Here in King County, where the convention is held, cases are still in the low hundreds per day, with the overwhelming majority among the unvaccinated. Meanwhile, as of this writing, 78 percent of the county’s 12-and-over population is fully vaccinated. Speaking of prayers, I suspect almost everyone in attendance was, like me, muttering a few silent ones each day we walked into the convention. We all hoped that we would not join any of the fell statistics we’ve all been obsessively tracking since March 2020. Was it worth it?
Amidst the unending hell of the pandemic, it can be easy for some to forget what we’ve spent the last year fighting for: to save lives and race toward the ability to meet and gather once more. It is also easy for some to forget that there will be no flipping of a switch, no single moment when everyone feels safe amidst such gatherings. Camp PAX’s intimacy was no failing, despite the caterwauling of some Redditors who seem not to understand the immense toll that ongoing border closures, travel restrictions, and the Delta variant itself, claim on such events. That PAX happened at all was a small miracle; that it retained its essence as a gathering was nothing short of magical.
It was also good because a smaller event was, simply, safer and more approachable for some. I’m keenly aware of the fact that the enthusiastic devs and exhibitors I interviewed are a self-selected group. Those who feel very differently, who thought PAX irresponsible, or who felt unsafe, simply weren’t in attendance at all. But this slow, steady, turning up of a dial is what we can expect over the next two years as the world staggers towards endemic, vaccine-mediated COVID. People will only feel safe when they are ready, and these adjustments are all occurring on different schedules, built around different needs—a crucial point to bear in mind as school begins again with vast, unvaccinated classrooms in many countries.
For those of us who opted to take the risk, PAX was perhaps more rewarding than it had ever been. The lighter workload was a blessing for many exhibitors and Enforcers. The greater distance between booths—intended for social distancing—ended up being a boon for disabled people; there was more space than ever for wheelchairs, more room for autistic people like me to not constantly bump into people or get stuck in immobile crowds. Two meters of space is not meaningfully protective from COVID in an indoor space. Vaccines and masks are, in that order. But it was good to see that the added space was useful, nevertheless. It’s worth maintaining in the future.

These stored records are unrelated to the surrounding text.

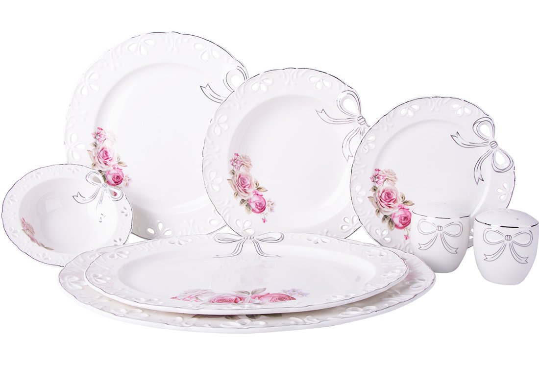 التسليم والأبعاد: 1 × هايال 28 قطعة الدانتيل مجموعة عشاء | جولة | فضة
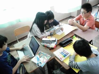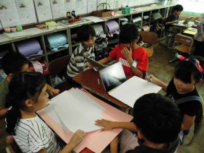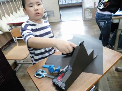 図工の時間に教室のかべ飾りをつくりました。子どもたちが作りたいものを考えて、自分たちで班を作り、思い思いのものを作っていました。一緒に作ったり役割分担したりするなど協力しながら楽しく作っていました。
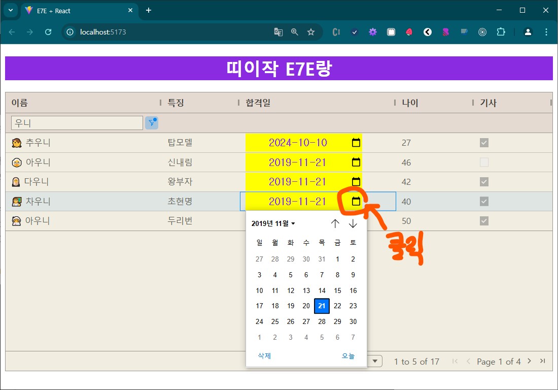 새로 고침 한 뒤 합격일 컬럼을 클릭하면 아래 처럼 동작함을 확인할 수 있당.(좋겠당!)
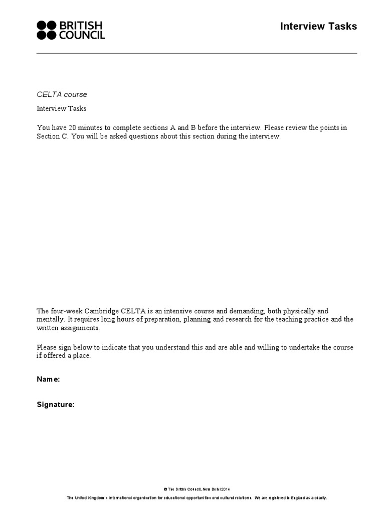 You have 20 minutes to complete sections A and B before the interview. Please review the points in
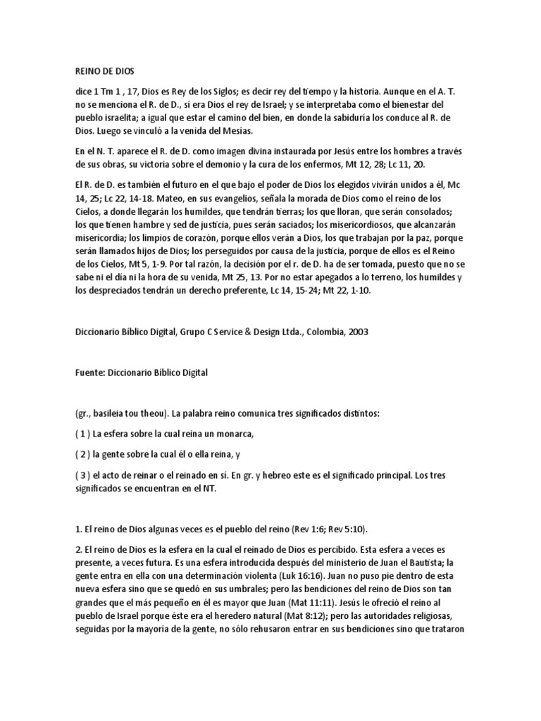 Dios”. Multiplicaron sus referencias en este sentido: Col. 1.13; 1 Tes. 2.12; Apoc. 1. 6 y 9; y 5.10.
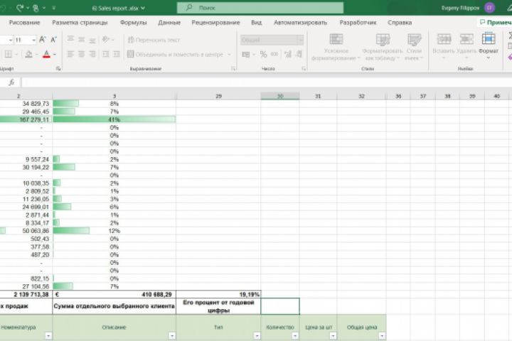 Отчет по продажам с возможностью выбора конкретного клиента для просмотра детальной информации.
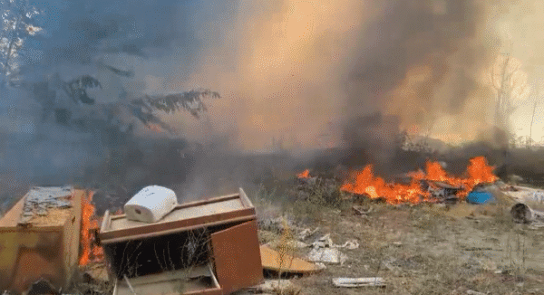 Οι πυροσβεστικές δυνάμεις παραμένουν στο σημείο για πλήρη κατάσβεση και αποφυγή αναζωπυρώσεων.
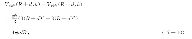 为了计算球台侧面的面积,考虑两个高相等但半径分别为R+d和R-d的两个球台之差所形成的球带壳体的体积(图17-4):

To talk of the benefits of this convention is to find words failing. But there is a qualitative difference between saying certain things on FaceTime and saying so in person when you can hold hands, hear each other’s laughter, and experience the irreplaceable motility of wandering. The worst thing about Zoom was that there was no sense of place to it. The Zoom classroom was the same as Zoom happy hour, which was the same as Zoom with one’s family, which was the same as Zoom therapy, and Zoom yoga, and Zoom work meetings, and Zoom karaoke, and Zoom everything else. When you ended your call, you were in the same chair you’d been in for months, in the same room of the same apartment or house. Simply being someplace where scenery goes by, where there is serendipity and transience, where you’re not always looking at the same thing endlessly is, I’ve realized, a blessing beyond measure. And PAX had that in abundance this year.
Steering between the Scylla and Charybdis of these contradictions—of risk and humanity—at our differing speeds in our wildly different ships, is what it will mean to relearn how to live as this virus becomes endemic.